From: The Map Is Not the Territory
Maps are imperfect by default. It's a result of being reductions of what they represent. The reduction is what makes a map useful to us. Realising that maps are imperfect is important to keep in mind when we think through problems and make better decisions.
Quoting: Farnam street: In 1931, in New Orleans, Louisiana, mathematician Alfred Korzybski presented a paper on mathematical semantics. To the non-technical reader, most of the paper reads like an abstruse argument on the relationship of mathematics to human language, and of both to physical reality. Important stuff certainly, but not necessarily immediately useful for the layperson.

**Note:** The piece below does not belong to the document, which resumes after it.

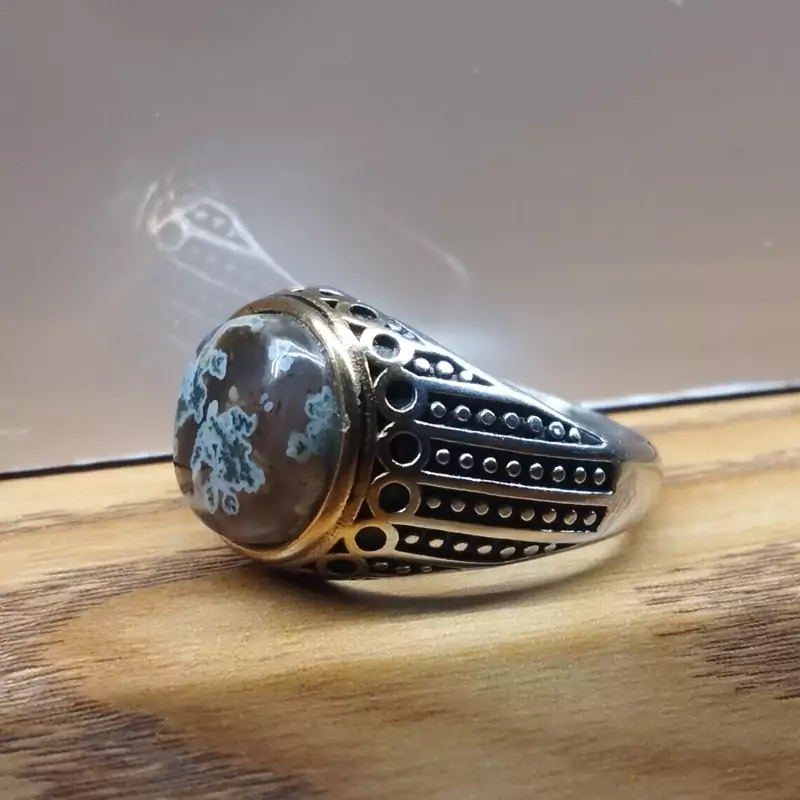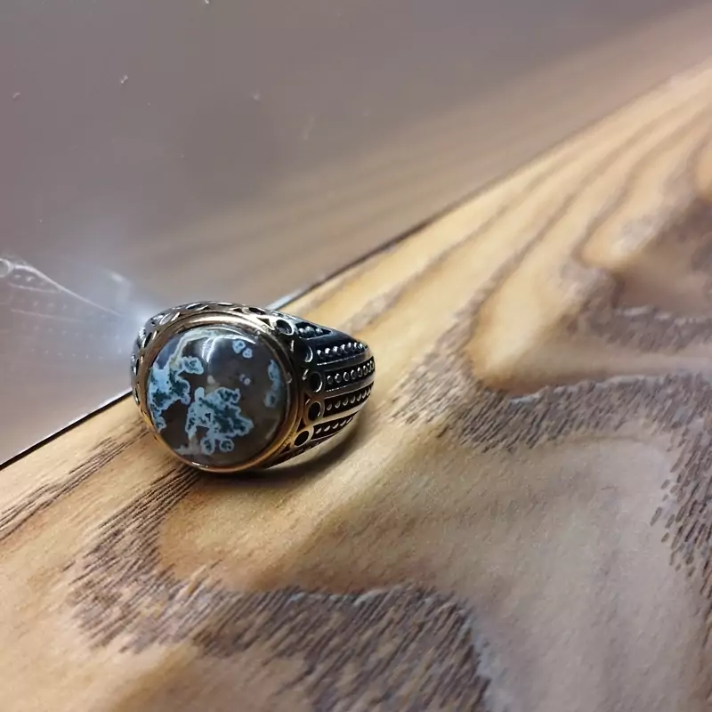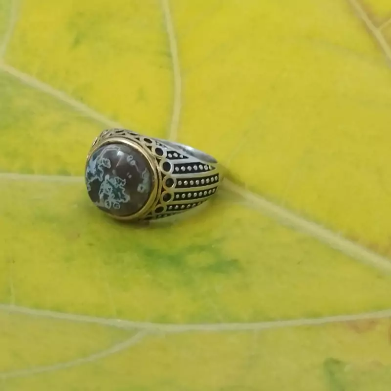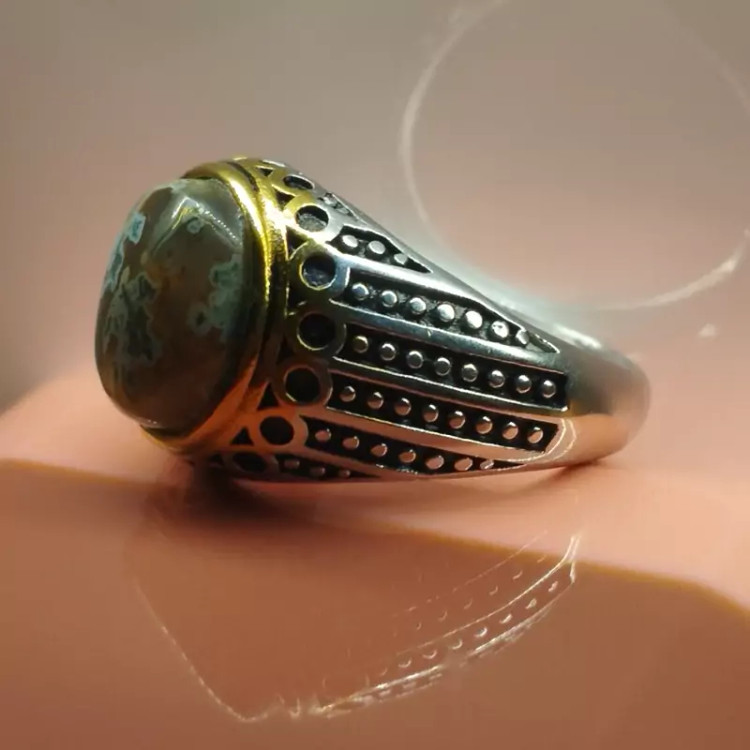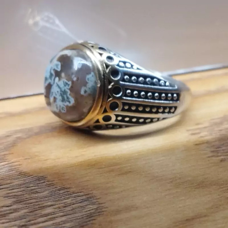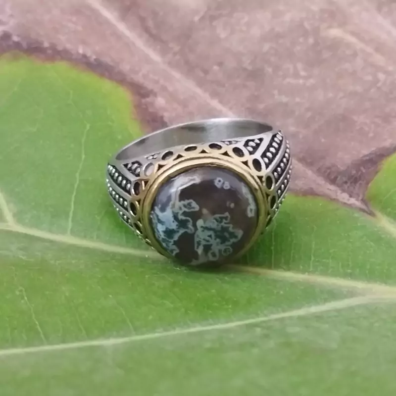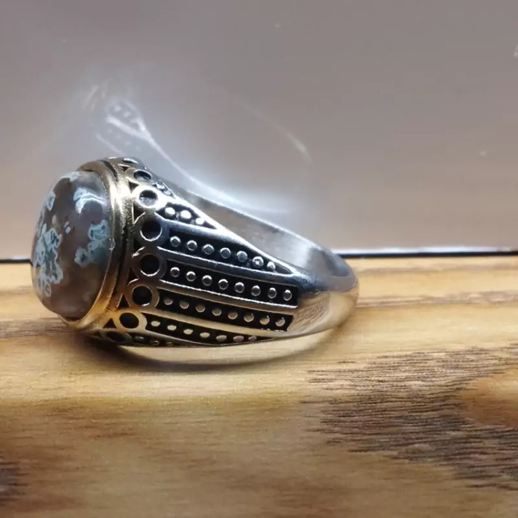 انگشتر استیل مردانه عقیق منظره ای صددرصد طبیعی با ضمانت مکتوب اصالت ،برند دُرسیم

However, in his string of arguments on the structure of language, Korzybski introduced and popularised the idea that the map is not the territory. In other words, the description of the thing is not the thing itself. The model is not reality. The abstraction is not the abstracted. This has enormous practical consequences.
In Korzybski’s words:
A.) A map may have a structure similar or dissimilar to the structure of the territory.
B.) Two similar structures have similar ‘logical’ characteristics. Thus, if in a correct map, Dresden is given as between Paris and Warsaw, a similar relation is found in the actual territory.
C.) A map is not the actual territory.
D.) An ideal map would contain the map of the map, the map of the map of the map, etc., endlessly… We may call this characteristic self-reflexiveness.
The problem is not that maps are an abstraction. We need them to be abstract to be useful. The problem is that we often don't understand our maps or their limits. Another issue is that the human brain takes great leaps and shortcuts in order to make sense of it surroundings. The tendency is is to over-apply a powerful model. Using models in situations where it doesn't apply.